RBI’s silence on bond purchases may have left traders disenchanted

The RBI held the repurchase rate at 4 per cent, as it chose to wait for inflation to cool before adding to steps aimed at supporting a fragile economy


Reserve Bank of India | India’s sovereign bonds | India economy


For the most part, Indian sovereign bonds had priced in the central bank holding rates. It was the absence of guidance on debt purchases and the extent of the economic slowdown that left traders disappointed.

The yield on most-traded 5.79 per cent 2030 notes rose four basis points to 5.86 per cent, after climbing as high as 5.89 per cent, following the Reserve Bank of India’s decision Thursday to keep the key policy rate unchanged at a record low. The yield on 6.19 per cent 2034 bonds also gained four basis points, and the rupee was steady.

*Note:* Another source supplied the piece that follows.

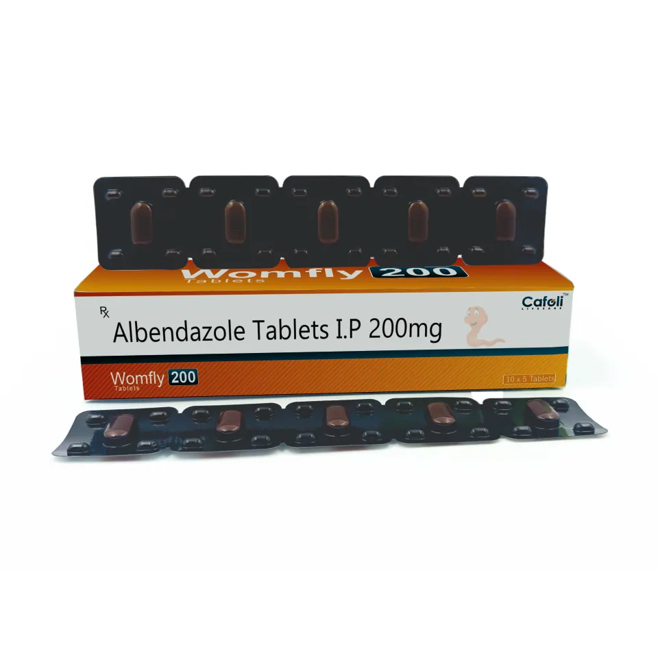 Womfly 200 Tablet contains Albendazole 200 mg, a broad-spectrum anthelmintic agent widely used for the treatment of intestinal and tissue parasitic worm infestations. It works by inhibiting microtubule formation and glucose uptake in parasites, leading to depletion of energy stores and eventual parasite death.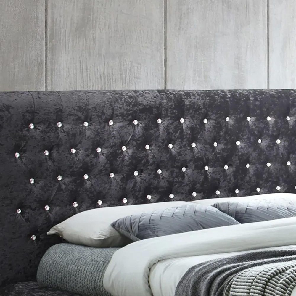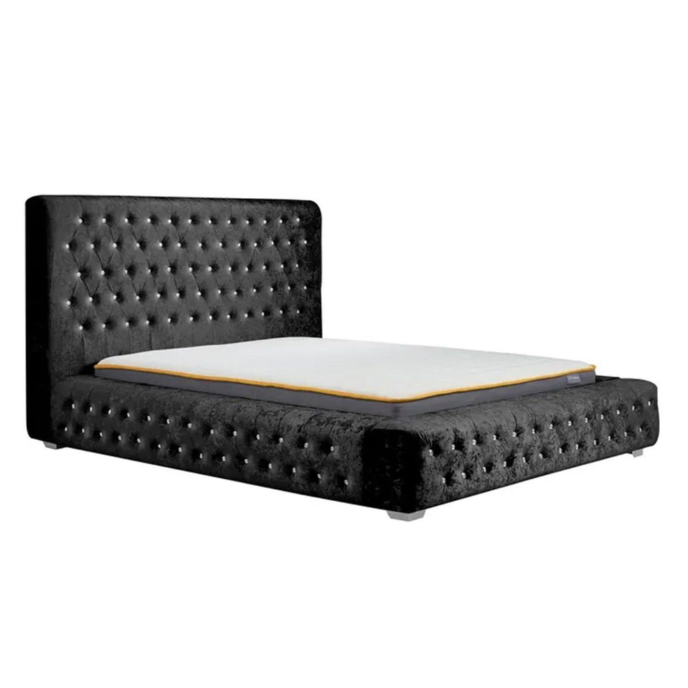 Clearance - Grande Bed - 6ft Queen Size - Black Crushed Velvet Fabric - FSS16604

The RBI held the repurchase rate at 4 per cent, as it chose to wait for inflation to cool before adding to steps aimed at supporting a fragile economy. Gross domestic product is set to contract in the fiscal year through March 2021, Governor Shaktikanta Das said, without giving a specific forecast.

Traders, vegetables

“The pause in rates was on expected lines, but what may have disappointed the market is the lack of future visibility whether in terms of rate cuts or any growth outlook,” said Arvind Chari, head of fixed income at Quantum Advisors Pvt. “The RBI may continue to remain tactical on the open-market operations announcements, which has served it well.”

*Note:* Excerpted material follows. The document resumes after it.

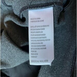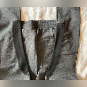 Elastic waist. False zipper in front and pocket in back. Dark charcoal color with black accent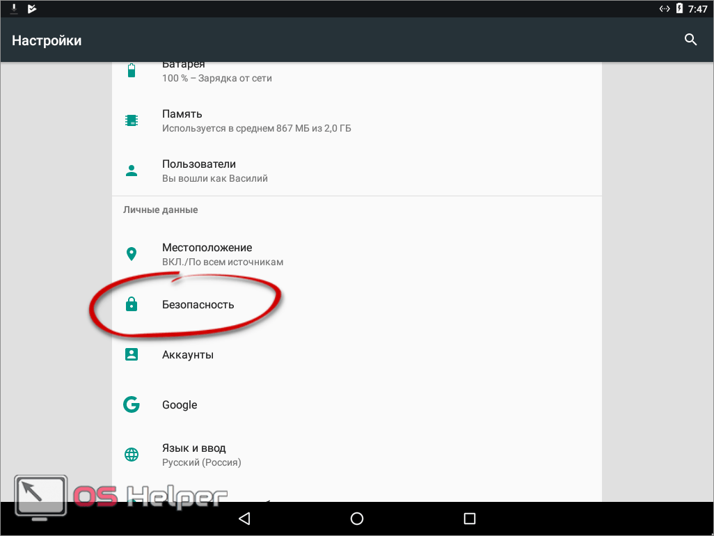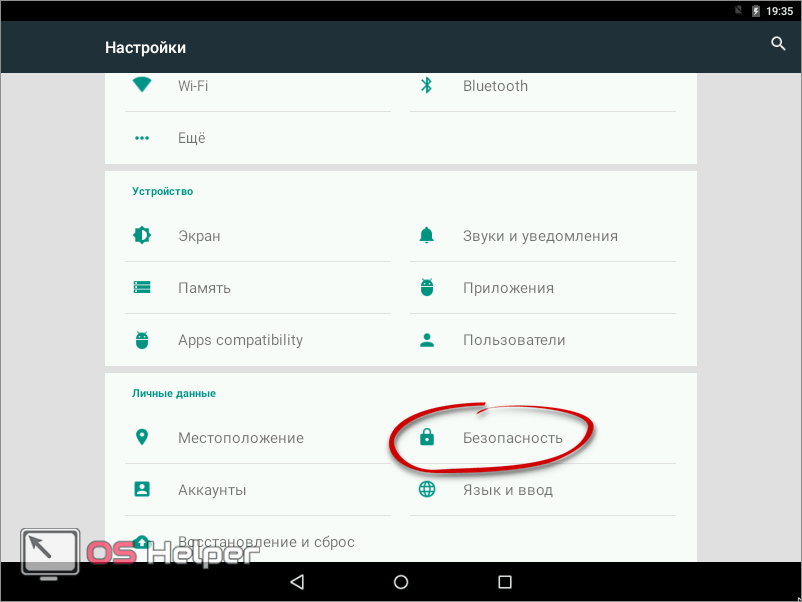 - Отыскать раздел «Безопасность», который помечен закрытым замком;

Traders have been awaiting word from the central bank on how it plans to manage the record Rs 12 trillion ($160 billion) of borrowings. The RBI has resorted to discreet secondary market purchases and done two Federal Reserve-styled Operation Twists of Rs 100 billion each this fiscal year. In comparison, Indonesia has waded deep into debt monetisation.

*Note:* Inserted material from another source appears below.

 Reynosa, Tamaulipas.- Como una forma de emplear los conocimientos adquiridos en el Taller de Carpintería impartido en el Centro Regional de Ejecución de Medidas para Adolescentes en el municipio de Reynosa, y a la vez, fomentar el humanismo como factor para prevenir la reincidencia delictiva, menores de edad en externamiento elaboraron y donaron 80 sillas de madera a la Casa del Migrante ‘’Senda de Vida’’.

“Yields rose on rate status quo as well as no RBI action on further liquidity measures to support the market,” said Avnish Jain, head of fixed income at Canara Robeco Asset Management Ltd. “However, the RBI has done ad-hoc OMO purchase/Operation Twist whenever yields have gone up, and market participants would be wary of the same.”

Asia’s third-largest economy is struggling to recover from one of the world’s biggest lockdowns, which brought most industries to a virtual halt but failed to slow the spread of the coronavirus outbreak. The RBI has pumped in billions of dollars into the financial system and cut its key rate by 115 basis points this year to encourage banks to lend more. Yet loan growth has been languishing because of fears of more bad loans.

Still, some investors said that relatively modest gain in yields shouldn’t be mistaken as a likely end to the aggressive easing cycle.

“Today’s inaction in no way suggests a U-turn in interest rate trajectory,” said Lakshmi Iyer, chief investment officer for debt at Kotak Mahindra Asset Management. “Growth worries remaining, the accommodative bias suggests scope for further easing as inflation recedes in the second half of the fiscal 2021.”